Marty and Howard are versions of the same character: Jewish New York City hustlers addicted to risky business; inveterate gamblers who believe that just one more bet is going to pay off.
For this solo directorial outing, Josh Safdie and his longtime collaborator Ronald Bronstein, with whom he wrote and edited “Marty Supreme,” continue to mine the same milieu. The movie is inspired by the real-life characters of the midcentury table tennis scene in New York City (specifically Marty Reisman), and it’s designed around the New York City-born and -bred movie star Chalamet.
Many will assume that Marty Mauser is the performance that is most like Chalamet. But Safdie and Bronstein have a unique ability to pair performer and role, to write to an actor’s perhaps previously untapped potential, and Chalamet does achieve greatness here, in one of the best performances of his career thus far.

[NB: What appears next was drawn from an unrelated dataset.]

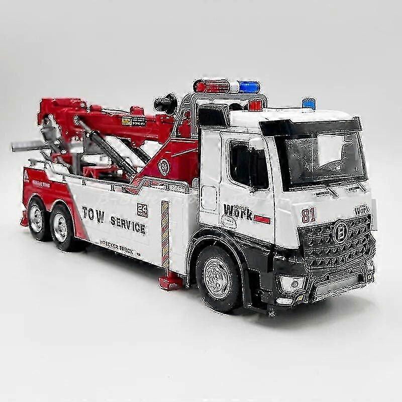 1:32 Diecast Model Vehicle Toy Large Double Hook Traffic Road Rescue Service Truck Miniature Replica With Sound & Light Big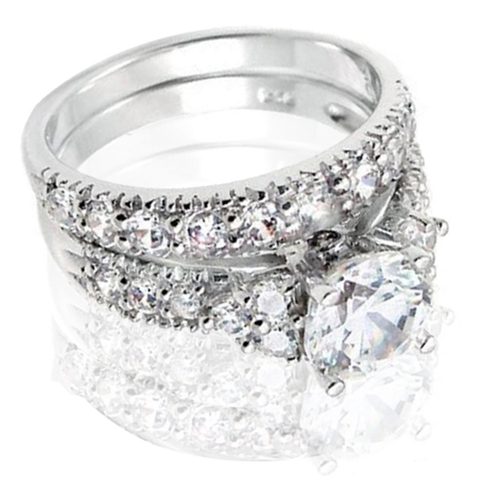 If you’re looking for a ring that’s more than just a piece of jewelry, but also a statement piece, look no further. A beautiful 2 piece set including a wedding band and a matching engagement ring. The engagement ring showcases a round cut center stone accented with 2 round cut accent stones on both sides. This two piece set is perfect for a woman looking for something that embraces elegance and luxury.

“Marty Supreme” is a breathless, breakneck sprint through the Lower East Side of 1952, where Marty holds top dog position in the table tennis scene. His next stop? The world.
He steals $700 from his job at his uncle’s shoe store in order to make it to the world championships in London. That’s one of his first big risks — the other being a backroom quickie with his married childhood friend, Rachel (Odessa A’zion, who perfectly matches pitch with Chalamet).
A river of consequences and bad decisions cascade from that inciting incident, which we follow with much anxiety and amusement.
In London, Marty seduces a movie star, Kay Stone (Gwyneth Paltrow), introduces her wealthy husband Milton Rockwell (Kevin O’Leary), an ink-pen impresario, to the untapped market potential of table tennis, and is roundly beaten in the finals by Koto Endo (Koto Kawaguchi), a deaf Japanese player who displays a savant-like skill that stumps even Marty.